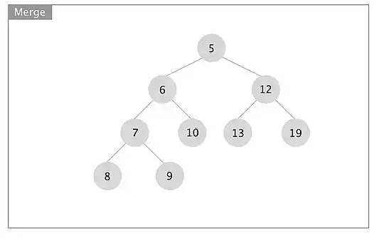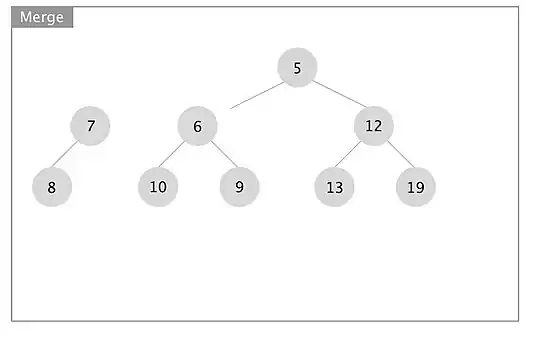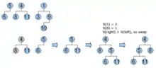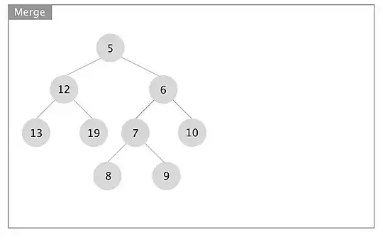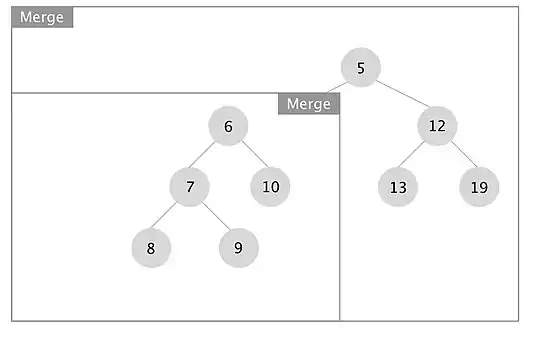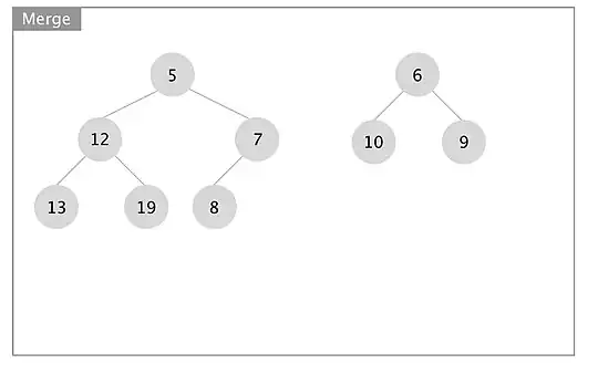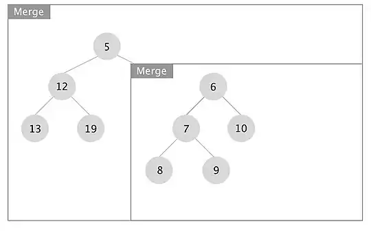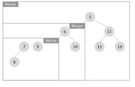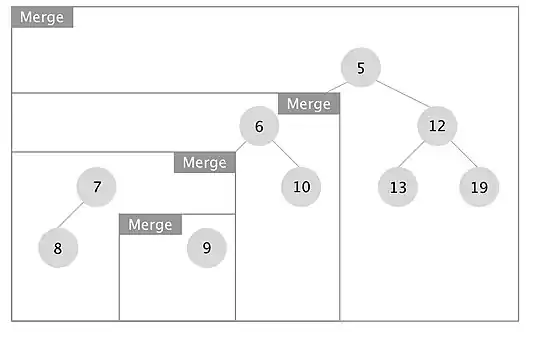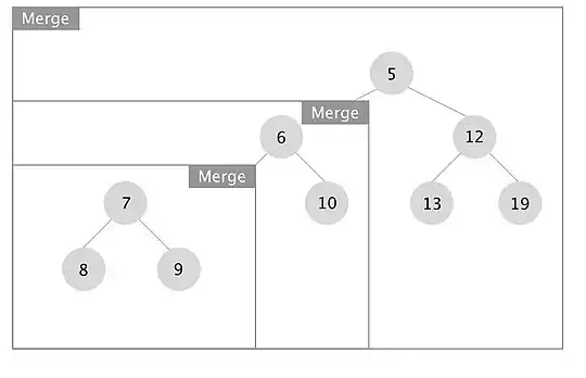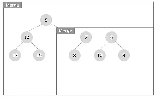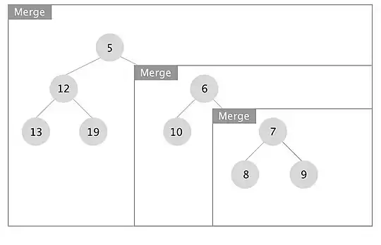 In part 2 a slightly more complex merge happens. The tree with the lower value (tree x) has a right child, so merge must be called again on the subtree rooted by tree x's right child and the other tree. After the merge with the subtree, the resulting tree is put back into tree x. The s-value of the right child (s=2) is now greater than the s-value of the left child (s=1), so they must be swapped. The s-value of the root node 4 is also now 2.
==
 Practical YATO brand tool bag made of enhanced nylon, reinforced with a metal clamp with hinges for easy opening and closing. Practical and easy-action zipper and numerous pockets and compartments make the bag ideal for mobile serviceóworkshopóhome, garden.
---
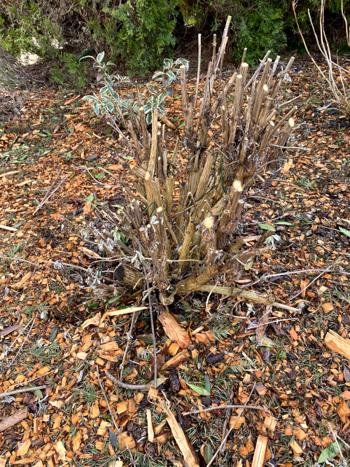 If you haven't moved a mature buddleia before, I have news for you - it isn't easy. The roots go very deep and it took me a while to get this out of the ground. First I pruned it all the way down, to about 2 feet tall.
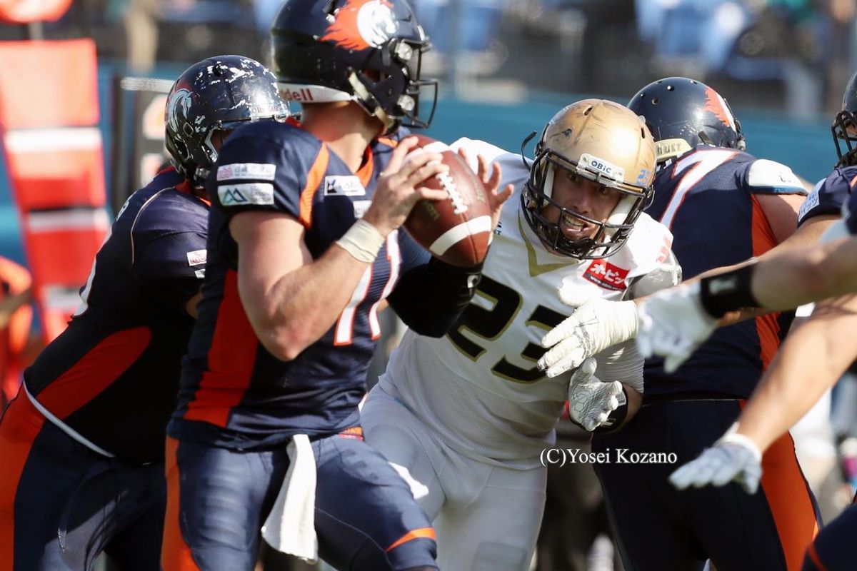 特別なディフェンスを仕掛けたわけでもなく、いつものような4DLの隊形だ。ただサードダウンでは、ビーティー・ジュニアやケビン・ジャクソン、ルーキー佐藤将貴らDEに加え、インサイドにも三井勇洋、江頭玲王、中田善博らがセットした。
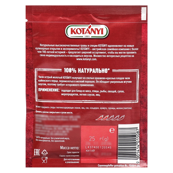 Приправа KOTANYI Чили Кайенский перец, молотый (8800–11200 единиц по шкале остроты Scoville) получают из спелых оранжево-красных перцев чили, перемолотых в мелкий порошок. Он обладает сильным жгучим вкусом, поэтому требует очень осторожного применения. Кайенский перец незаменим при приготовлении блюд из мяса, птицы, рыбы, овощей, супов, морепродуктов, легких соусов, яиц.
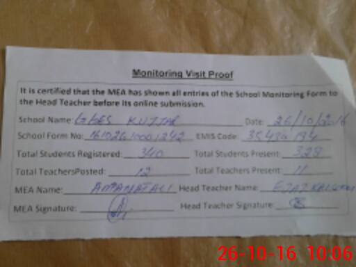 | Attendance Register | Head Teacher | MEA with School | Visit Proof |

_What to produce_: Copy out exactly the material that runs from the line with "If you haven't" to the line with "Visit Proof |", ends included, and leave the pictures behind.

_Task result_:
 If you haven't moved a mature buddleia before, I have news for you - it isn't easy. The roots go very deep and it took me a while to get this out of the ground. First I pruned it all the way down, to about 2 feet tall.
 特別なディフェンスを仕掛けたわけでもなく、いつものような4DLの隊形だ。ただサードダウンでは、ビーティー・ジュニアやケビン・ジャクソン、ルーキー佐藤将貴らDEに加え、インサイドにも三井勇洋、江頭玲王、中田善博らがセットした。
 Приправа KOTANYI Чили Кайенский перец, молотый (8800–11200 единиц по шкале остроты Scoville) получают из спелых оранжево-красных перцев чили, перемолотых в мелкий порошок. Он обладает сильным жгучим вкусом, поэтому требует очень осторожного применения. Кайенский перец незаменим при приготовлении блюд из мяса, птицы, рыбы, овощей, супов, морепродуктов, легких соусов, яиц.
 | Attendance Register | Head Teacher | MEA with School | Visit Proof |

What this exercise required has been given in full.